NVIDIA seeks a Senior Networking (ETH/IB) Solutions Architect to design and implement large-scale networking projects for AI/HPC infrastructure. Responsibilities include supporting operational reliability, focusing on performance, monitoring, and alerting of AI clusters. The role involves the entire service lifecycle, from design and deployment to operation and refinement, and requires excellent customer interaction skills. This includes working with customers, partners, and internal teams to analyze, define, and implement solutions. Strong automation skills using tools like Ansible, Salt, and Python are essential.
Must have:
  • 8+ years networking experience (LAN, InfiniBand)
  • Linux system administration/DevOps expertise
  • Automation skills (Ansible, Salt, Python)
  • Customer-focused leadership
  • Strong communication skills
Good to have:
  • Linux or Networking Certifications
  • HPC architecture knowledge
  • Experience with Slurm/PBS
  • Python or Bash scripting
  • GPU/MPI experience
  • BCM (Base Command Manager) knowledge

Job Details

NVIDIA is the world leader in computer graphics, artificial intelligence, and accelerated computing. For over 25 years, we have been at the forefront of research and engineering around the greatest advances in technology. Our history of innovation drives us to solve the worlds hardest problems.

NVIDIA is looking for Senior Networking (ETH/IB) Solutions Architect to join its NVIDIA Infrastructure Specialst Team.
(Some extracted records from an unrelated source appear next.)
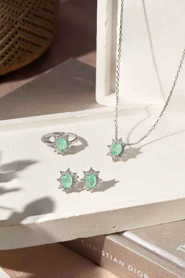 Material: Fusion esmeralda colombiana e zircônias brancas Formato: oval central com borda cravejada Estilo: sofisticado e atemporal
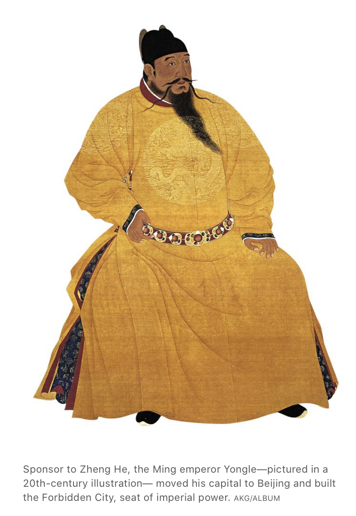Many young boys taken from the province were ritually castrated and then brought to serve in the court of Zhu Di, the future Ming emperor or Yongle. Over the next decade, Ma He would distinguish himself in the prince’s service and rise to become one of his most trusted advisers. Skilled in the arts of war, strategy, and diplomacy, the young man cut an imposing figure: Some described him as seven feet tall with a deep, booming voice. Ma He burnished his reputation as a military commander with his feats at the battle of Zhenglunba, near Beijing. After Zhu Di became the Yongle emperor in 1402, Ma He was renamed Zheng He in honor of that battle. He continued to serve alongside the emperor and became the commander of China’s most important asset: its great naval fleet, which he would command seven times.
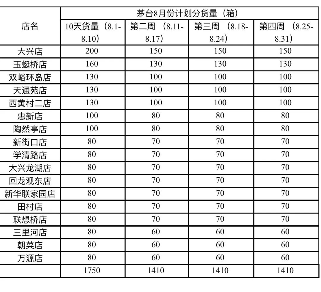 物美内部人士向中证君提供的资料显示,此次预售活动在物美全北京市的17家门店同时举行,在8月1日-10日的10天里,计划分货量为1750箱,随后的三周,计划分货量均为1410箱。
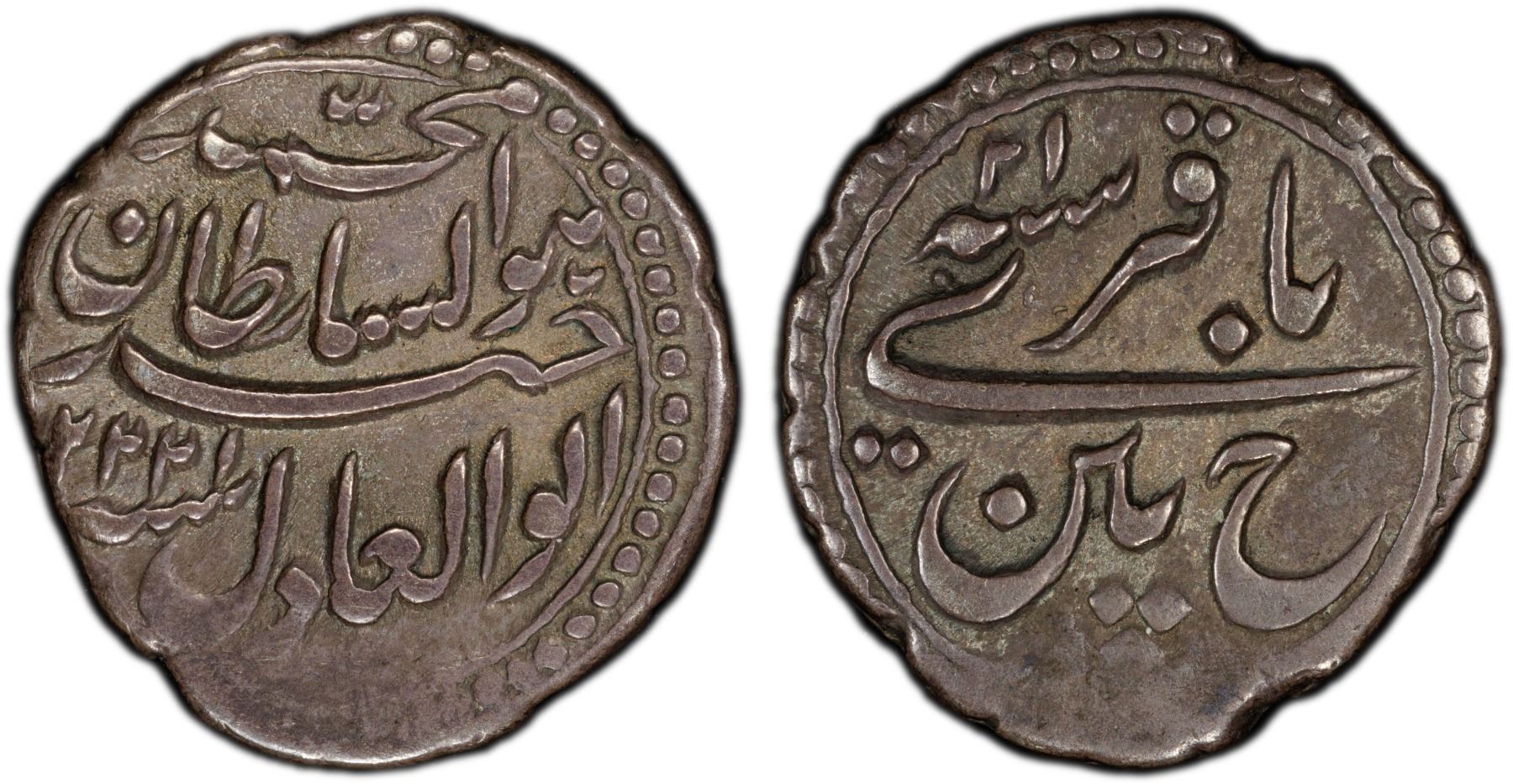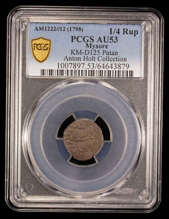 MYSORE: Tipu Sultan, 1782-1799, AR 1/4 rupee (baqiri) (2.77g), Patan, AM1222 year 12, KM-D125, with collector's original index card with provenance and date of purchase, PCGS graded AU53, ex Anton Holt Collection.
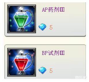 AP药剂,BP药剂,卡包扩充卡:这3个消耗品的出处是一样的,包括商城用星钻购买,幸运转盘转出来,黑市商人处购买。这2个药剂共3种级别,可以恢复AP/BP 30%, 50% ,100%。卡包扩充卡则可以增加5卡包上限。黑市商人中的这三种物品要比商城处要便宜!
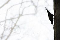 Een zwarte specht op een beukenstam waar zijn hol zich bevindt. Enkele seconden maakte hij een acrobatische pose.
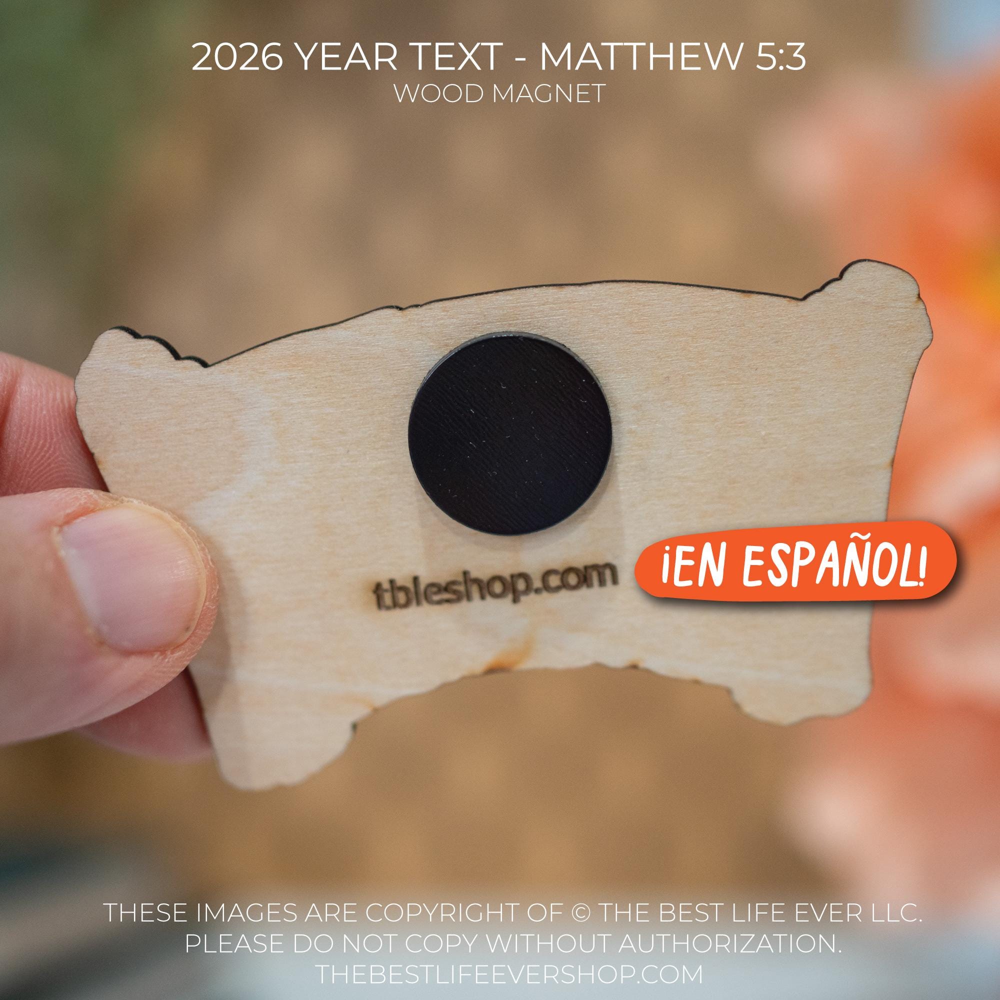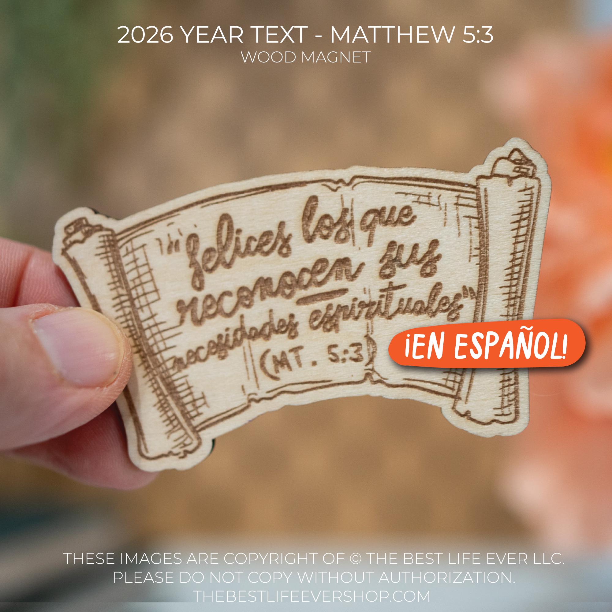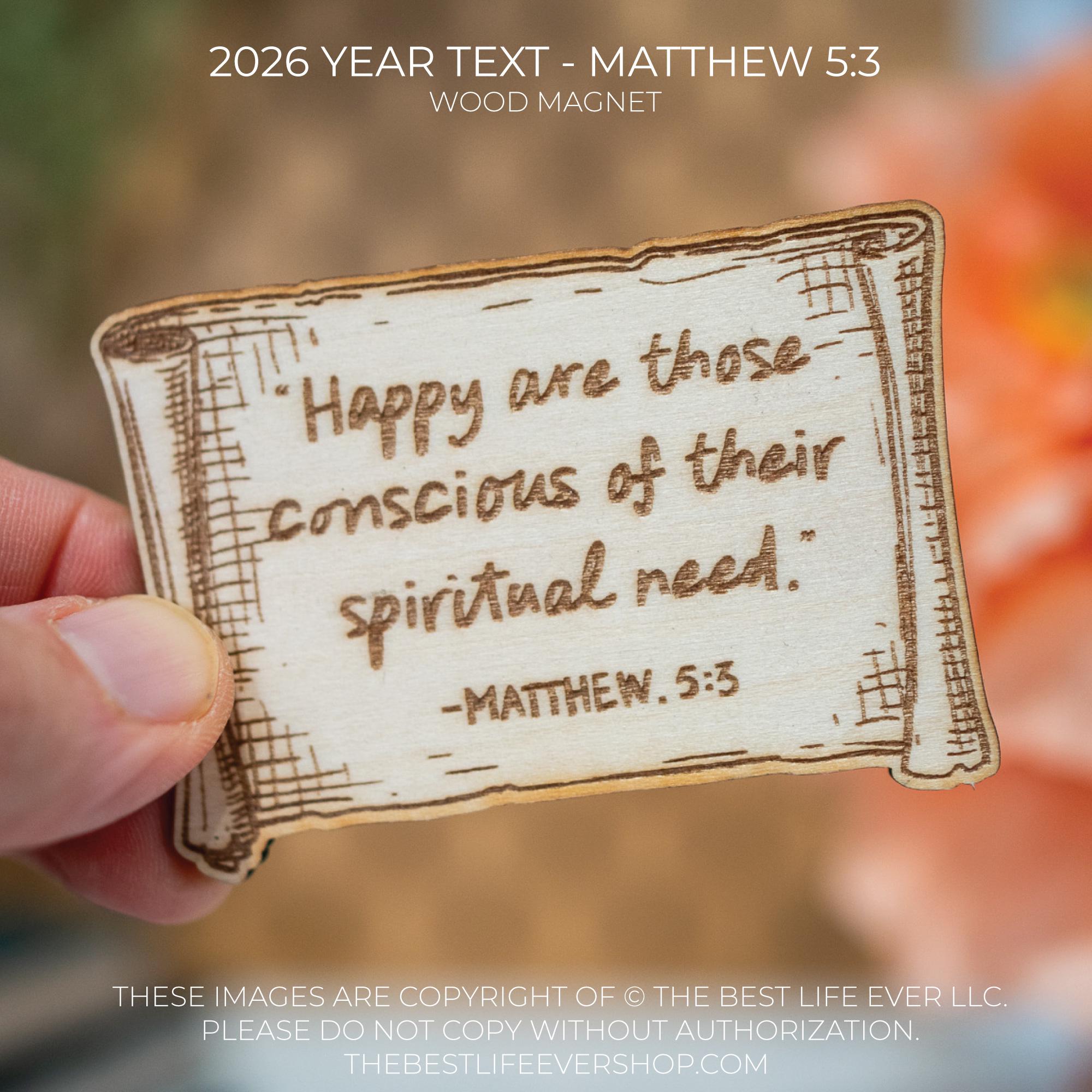 JW Year Text Wood Magnet - Matthew 5 3 - 2026 service year
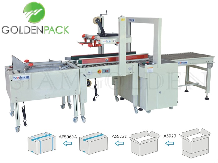 สยามโกลเด้น รับออกแบบระบบบรรจุภัณฑ์อัตโนมัติในสายการผลิต (automatic end of line packaging system) APL-CS10 คือ ระบบไลน์แพ็คกล่องอัตโนมัติ ไลน์บรรจุภัณฑ์ ไลน์แพ็คกล่องสินค้า ประกอบด้วยเครื่องขึ้นรูปกล่องพับฝากล่องด้านล่าง เครื่่องปิดเทปกาวพับฝากล่องด้านบน และเครื่องปิดเทปกาวมุมกล่องอัตโนมัติ
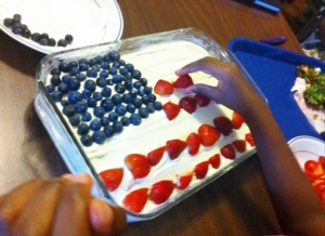 Our Burundi Women’s Group prepared for the celebration of our Freedom by creating a delicious Fourth of July Cake, decorated with yummy fresh strawberries and blueberries!
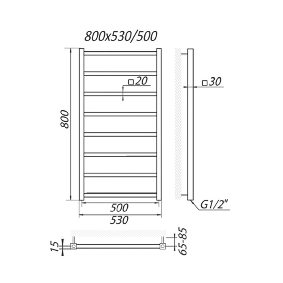 - Centra attālums: 500mm
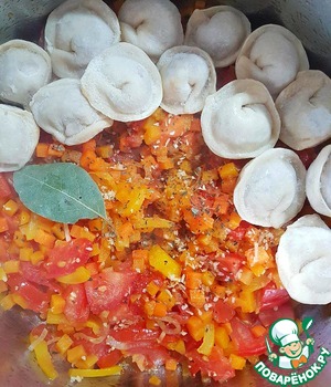 Посолить, добавить щепотку мускатного ореха, и любые ваши любимые специи + лавровый лист. Выложить одним слоем пельмени (у меня замороженные). Залить кипятком на 2-3 см выше пельменей, после закипания убавить огонь и варить под закрытой крышкой до готовности пельменей.
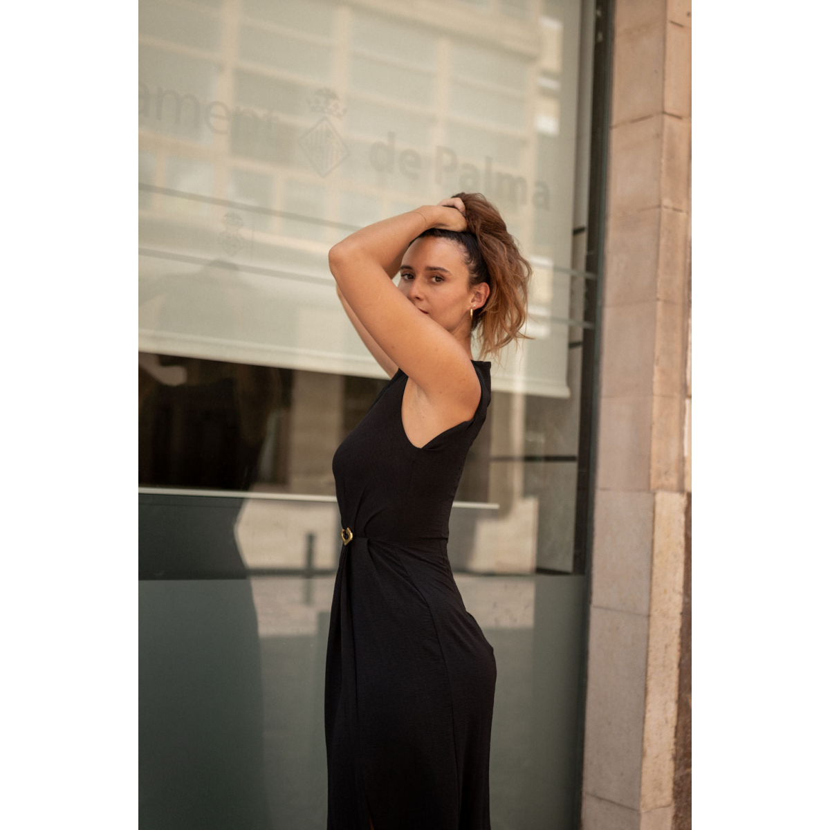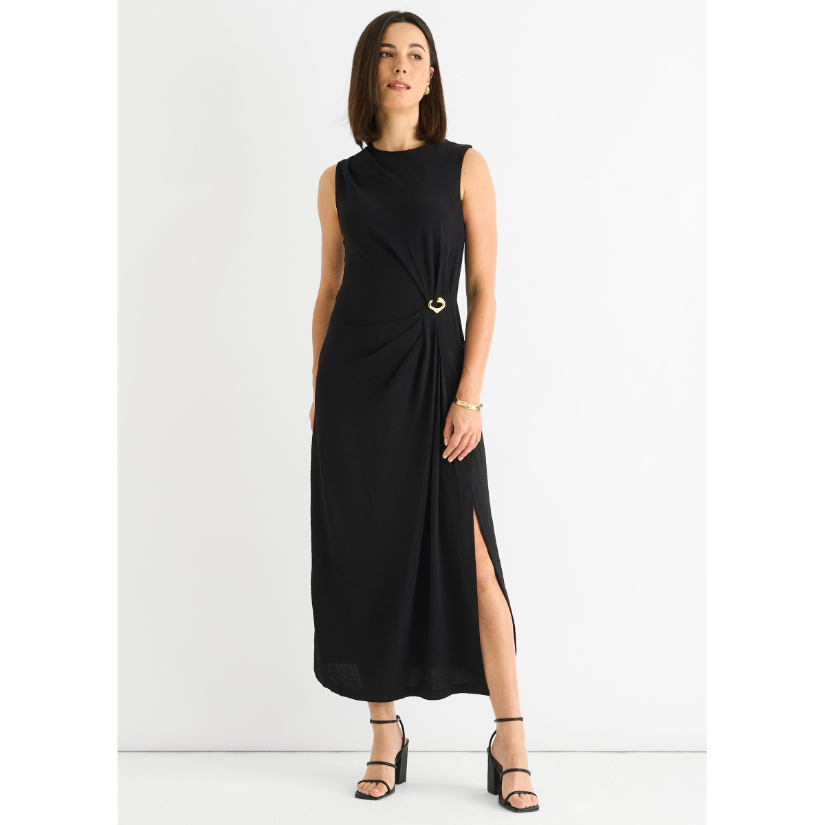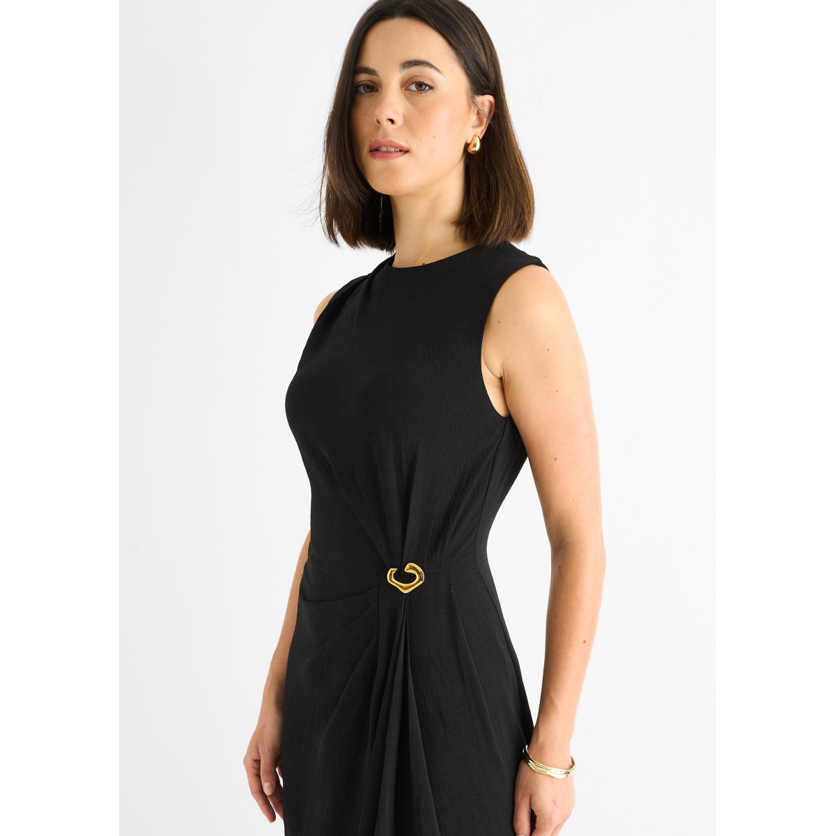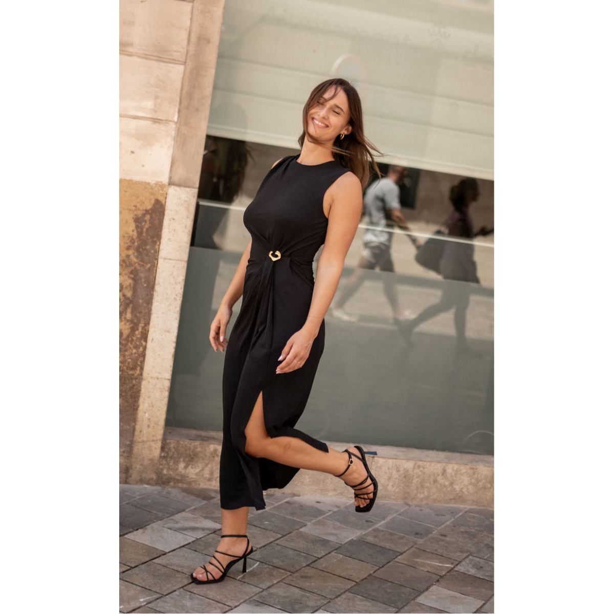 This sleeveless midi dress features a flattering ruched waist with a sleek metal trim, combining comfort with a bold, stylish edge. Its black fabric offers versatile wear for casual outings or confident evening looks, ensuring you feel both relaxed and striking wherever you go.
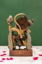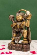 This exquisite brass idol captures Lord Hanuman in unwavering devotion and strength, as he lifts the Sanjeevani Mountain to save Lakshman during the epic battle of the Ramayana. The depiction celebrates Hanuman’s unparalleled dedication to Lord Rama and his determination to overcome any obstacle in the path of righteousness (dharma).
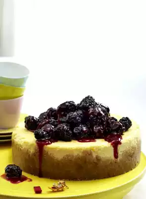To serve, sort the blackberries, wash and drain if necessary. Heat 2 tbsp. jam in a pot, mix with the berries. Carefully remove the cake from the tin. Decorate with berries.

Academic and commercial groups around the world are using NVIDIA products to revolutionize deep learning and data analytics, and to power data centers. Join the team building many of the largest and fastest AI/HPC systems in the world! We are looking for someone with the ability to work on a dynamic customer focused team that requires excellent interpersonal skills. This role will be interacting with customers, partners and internal teams, to analyze, define and implement large scale Networking projects. The scope of these efforts includes a combination of Networking, System Design and Automation and being the face to the customer!

What you'll be doing:

  • Primary responsibilities will include building AI/HPC infrastructure for new and existing customers.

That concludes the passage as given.